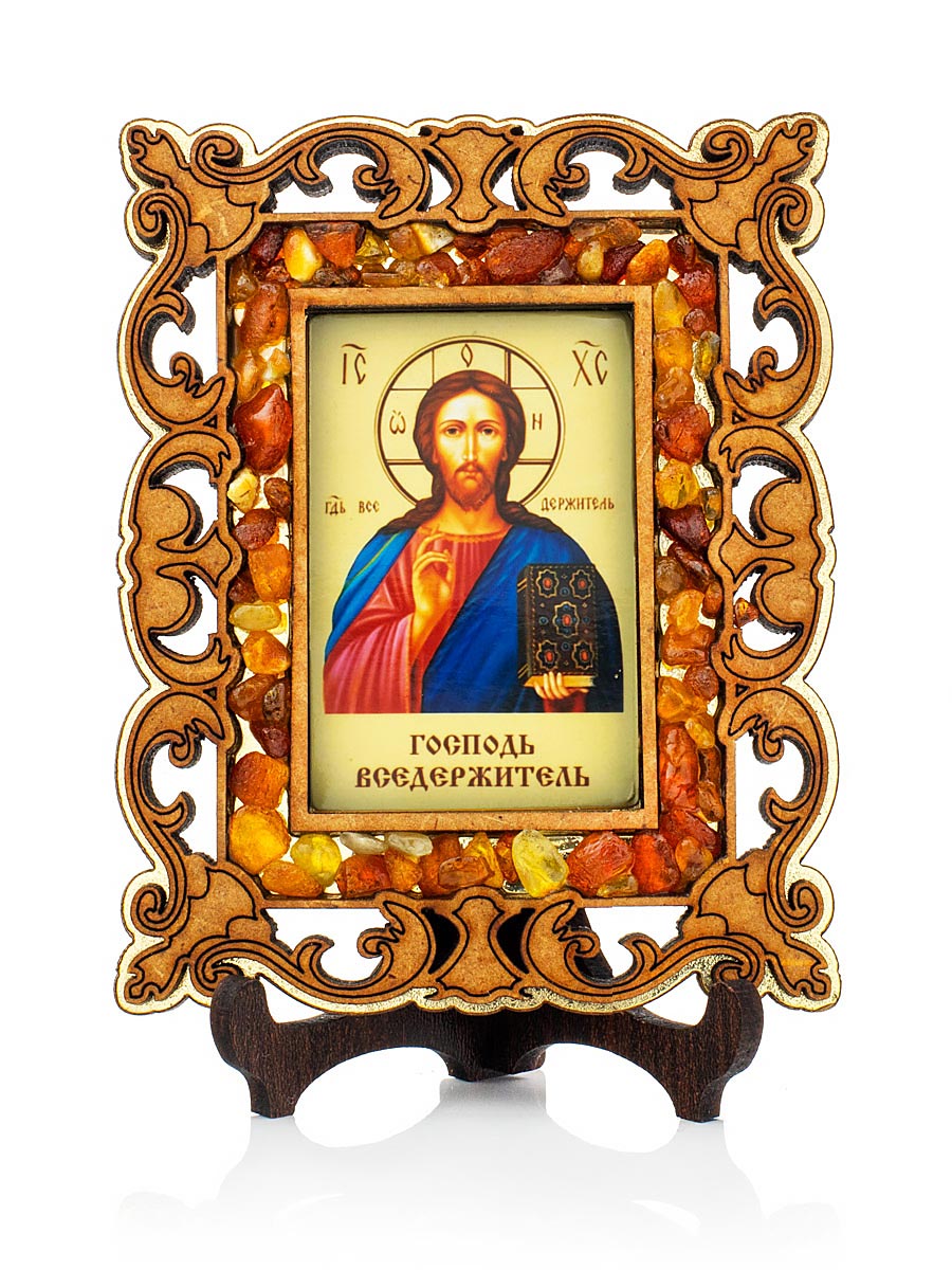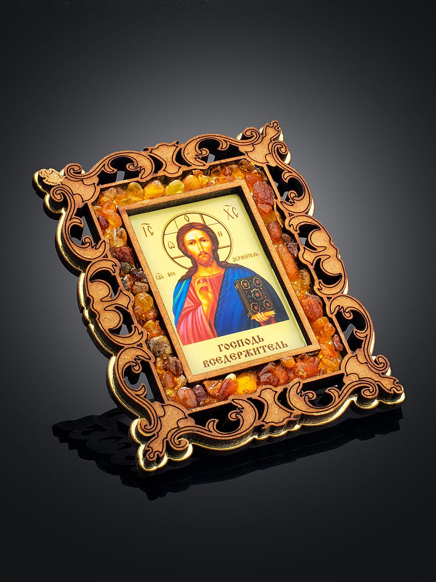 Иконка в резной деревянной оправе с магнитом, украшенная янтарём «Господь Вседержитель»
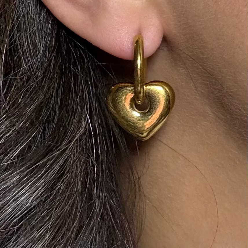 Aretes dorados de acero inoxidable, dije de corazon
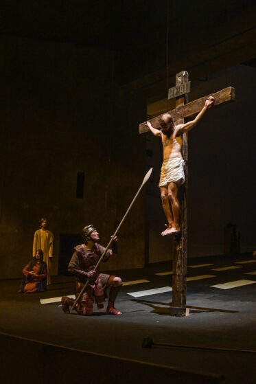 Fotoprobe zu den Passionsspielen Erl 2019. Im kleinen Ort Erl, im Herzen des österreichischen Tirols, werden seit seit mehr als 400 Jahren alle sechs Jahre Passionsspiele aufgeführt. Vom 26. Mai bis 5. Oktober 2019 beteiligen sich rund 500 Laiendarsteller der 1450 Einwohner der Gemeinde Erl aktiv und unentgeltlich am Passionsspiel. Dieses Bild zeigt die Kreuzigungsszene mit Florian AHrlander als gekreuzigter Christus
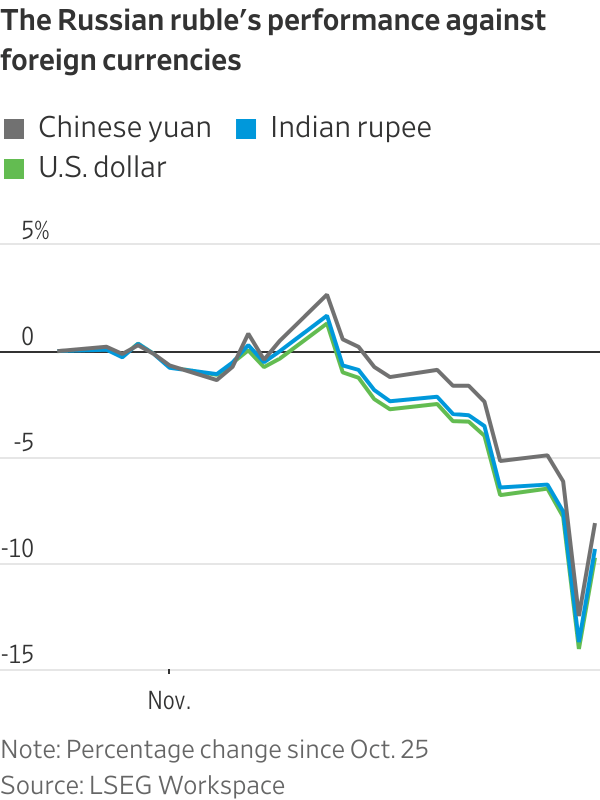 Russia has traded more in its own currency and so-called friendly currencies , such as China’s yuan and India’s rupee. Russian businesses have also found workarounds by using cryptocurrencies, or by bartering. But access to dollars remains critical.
☆ ☆ ☆ ☆
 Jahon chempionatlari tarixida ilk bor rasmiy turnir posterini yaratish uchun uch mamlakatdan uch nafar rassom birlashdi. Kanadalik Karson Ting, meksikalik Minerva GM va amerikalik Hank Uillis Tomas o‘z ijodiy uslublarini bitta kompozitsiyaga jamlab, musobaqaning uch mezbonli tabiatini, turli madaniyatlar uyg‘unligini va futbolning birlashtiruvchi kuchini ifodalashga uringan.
☆ ☆ ☆ ☆
_ACTIVITY_
Beginning with the line holding "Иконка в резной" in the material above, restate word for word each line through the line holding "Fotoprobe zu den", and exclude pictures.

_OUTPUT FOR THIS TASK_
 Иконка в резной деревянной оправе с магнитом, украшенная янтарём «Господь Вседержитель»
 Aretes dorados de acero inoxidable, dije de corazon
 Fotoprobe zu den Passionsspielen Erl 2019. Im kleinen Ort Erl, im Herzen des österreichischen Tirols, werden seit seit mehr als 400 Jahren alle sechs Jahre Passionsspiele aufgeführt. Vom 26. Mai bis 5. Oktober 2019 beteiligen sich rund 500 Laiendarsteller der 1450 Einwohner der Gemeinde Erl aktiv und unentgeltlich am Passionsspiel. Dieses Bild zeigt die Kreuzigungsszene mit Florian AHrlander als gekreuzigter Christus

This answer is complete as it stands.